(Collection entries)
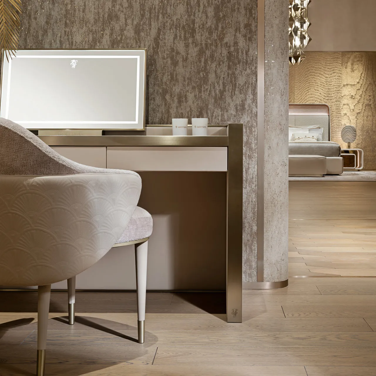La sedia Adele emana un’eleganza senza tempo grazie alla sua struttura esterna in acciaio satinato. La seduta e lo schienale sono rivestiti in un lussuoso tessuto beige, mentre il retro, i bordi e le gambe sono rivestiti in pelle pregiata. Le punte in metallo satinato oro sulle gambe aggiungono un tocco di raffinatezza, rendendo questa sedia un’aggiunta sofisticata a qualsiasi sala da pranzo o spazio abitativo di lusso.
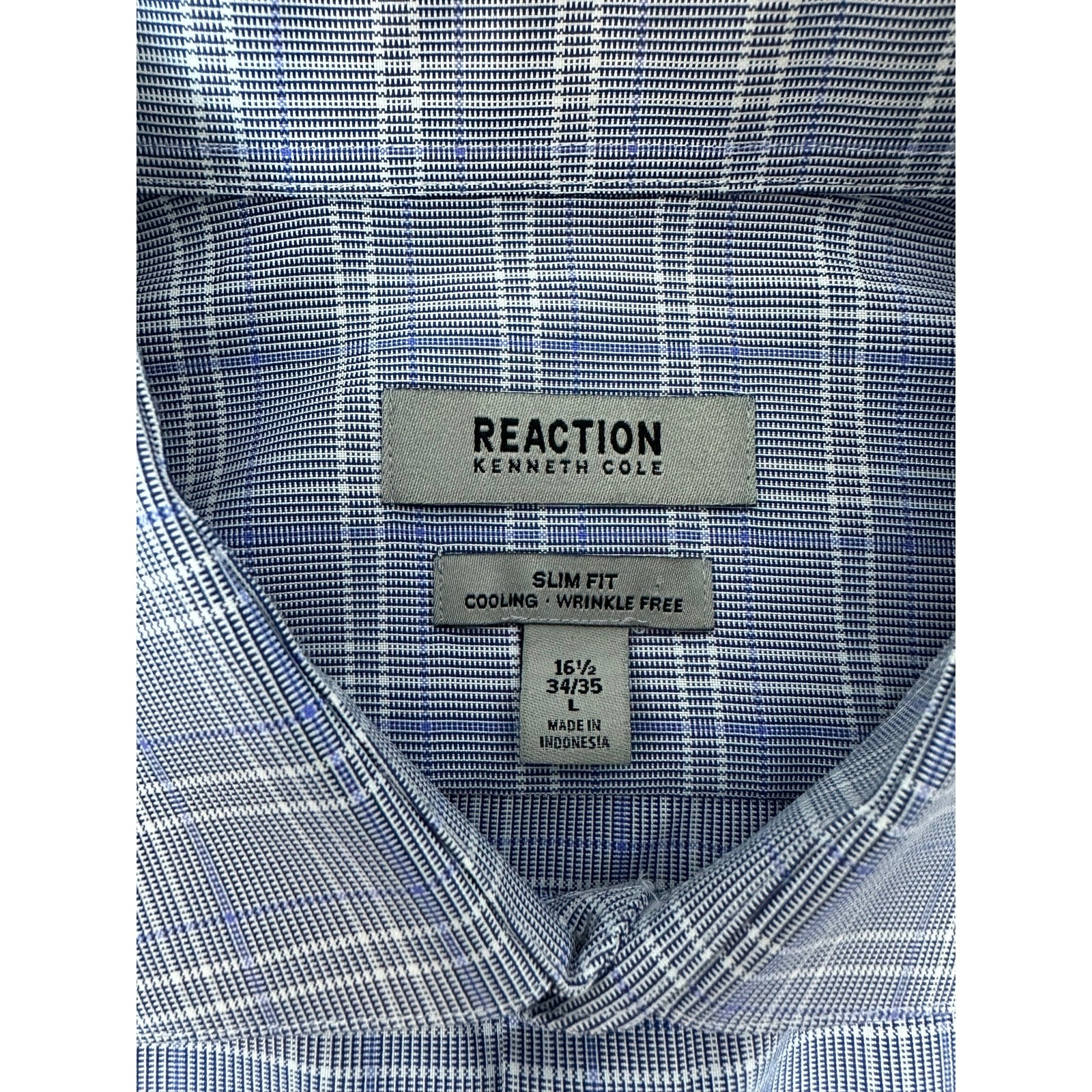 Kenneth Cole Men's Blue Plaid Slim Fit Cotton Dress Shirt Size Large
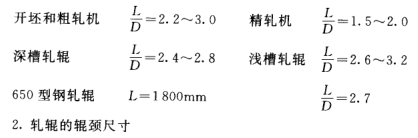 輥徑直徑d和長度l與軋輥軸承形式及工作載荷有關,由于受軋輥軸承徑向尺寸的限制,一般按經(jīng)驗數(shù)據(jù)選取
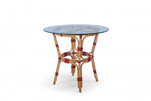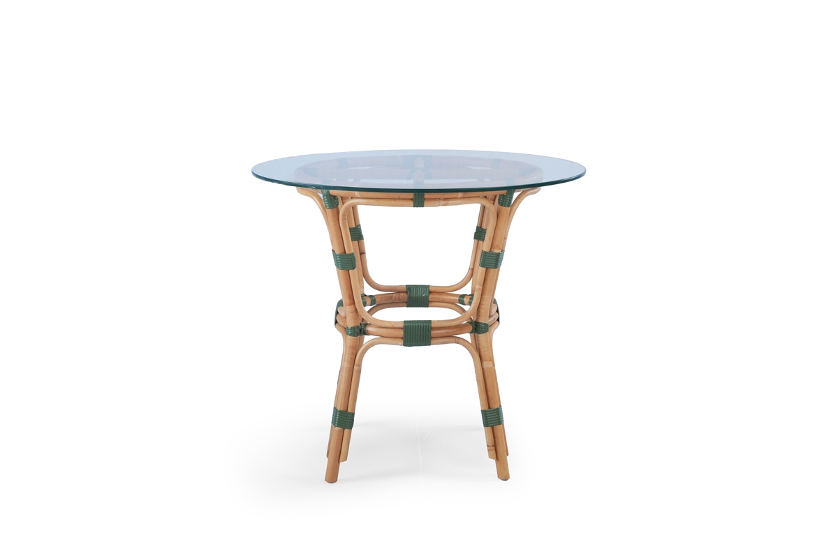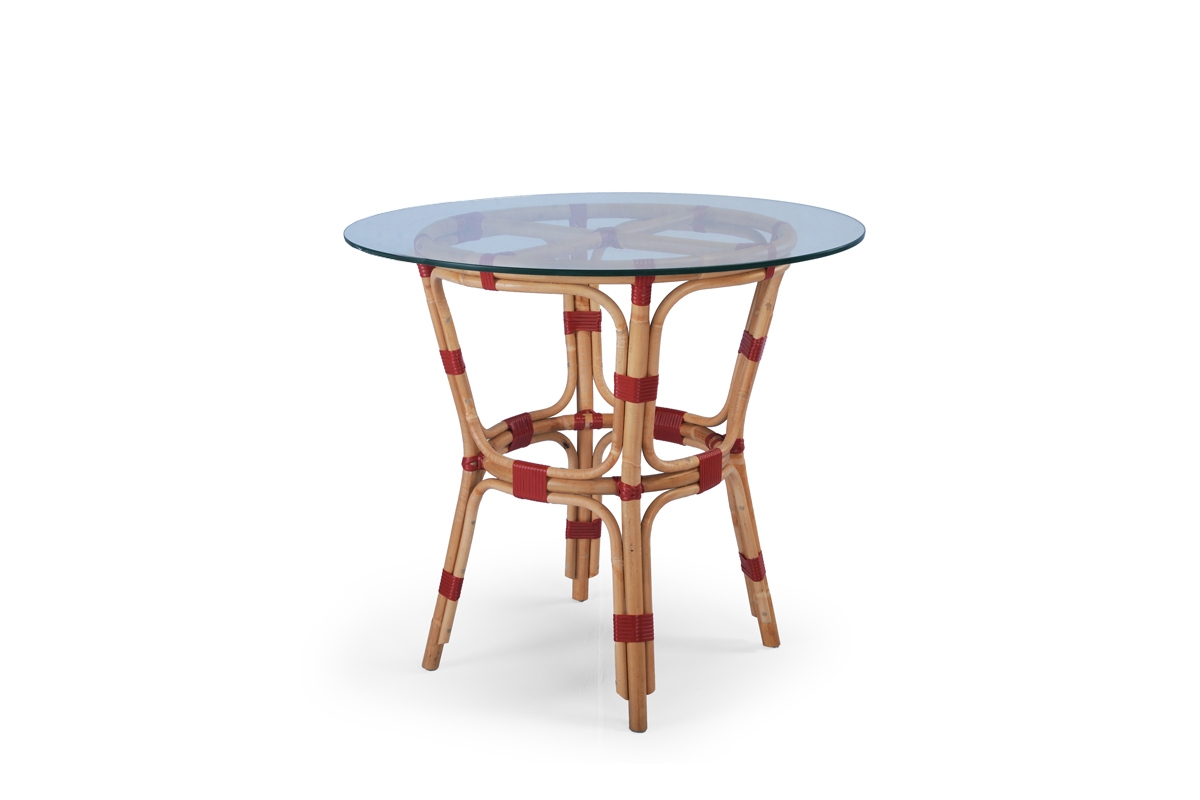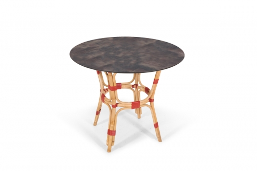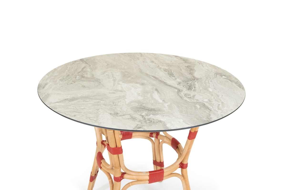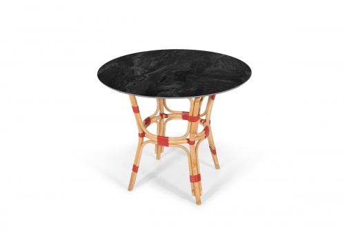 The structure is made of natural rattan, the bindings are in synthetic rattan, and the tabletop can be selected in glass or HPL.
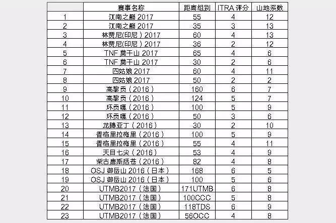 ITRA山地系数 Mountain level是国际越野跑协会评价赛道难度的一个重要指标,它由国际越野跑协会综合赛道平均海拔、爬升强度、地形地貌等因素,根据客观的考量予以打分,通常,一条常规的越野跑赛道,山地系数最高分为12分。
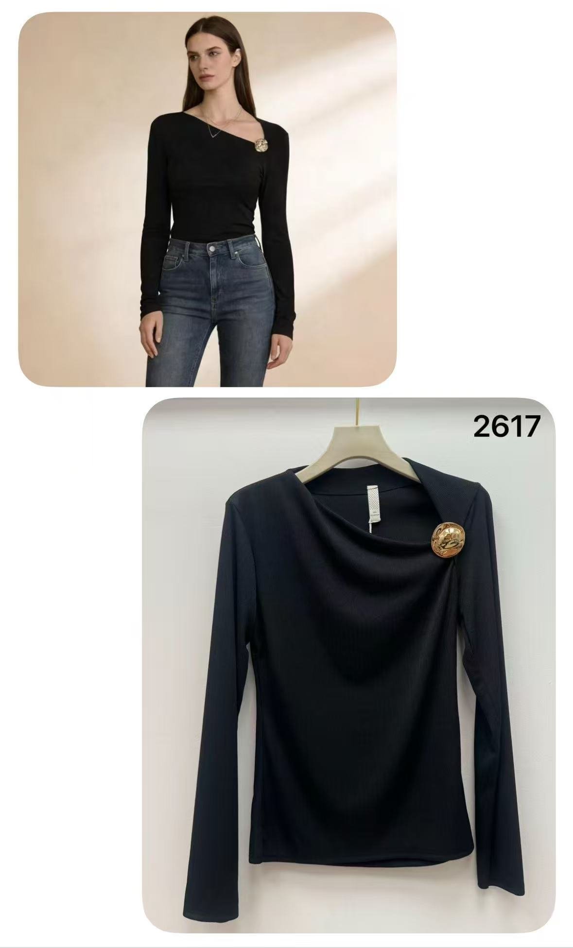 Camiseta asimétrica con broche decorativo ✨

> _Work instruction_: The records above need to be given again exactly. Omit the pictures.

> _Answer box_:
La sedia Adele emana un’eleganza senza tempo grazie alla sua struttura esterna in acciaio satinato. La seduta e lo schienale sono rivestiti in un lussuoso tessuto beige, mentre il retro, i bordi e le gambe sono rivestiti in pelle pregiata. Le punte in metallo satinato oro sulle gambe aggiungono un tocco di raffinatezza, rendendo questa sedia un’aggiunta sofisticata a qualsiasi sala da pranzo o spazio abitativo di lusso.
 Kenneth Cole Men's Blue Plaid Slim Fit Cotton Dress Shirt Size Large
 輥徑直徑d和長度l與軋輥軸承形式及工作載荷有關,由于受軋輥軸承徑向尺寸的限制,一般按經(jīng)驗數(shù)據(jù)選取
 The structure is made of natural rattan, the bindings are in synthetic rattan, and the tabletop can be selected in glass or HPL.
 ITRA山地系数 Mountain level是国际越野跑协会评价赛道难度的一个重要指标,它由国际越野跑协会综合赛道平均海拔、爬升强度、地形地貌等因素,根据客观的考量予以打分,通常,一条常规的越野跑赛道,山地系数最高分为12分。
 Camiseta asimétrica con broche decorativo ✨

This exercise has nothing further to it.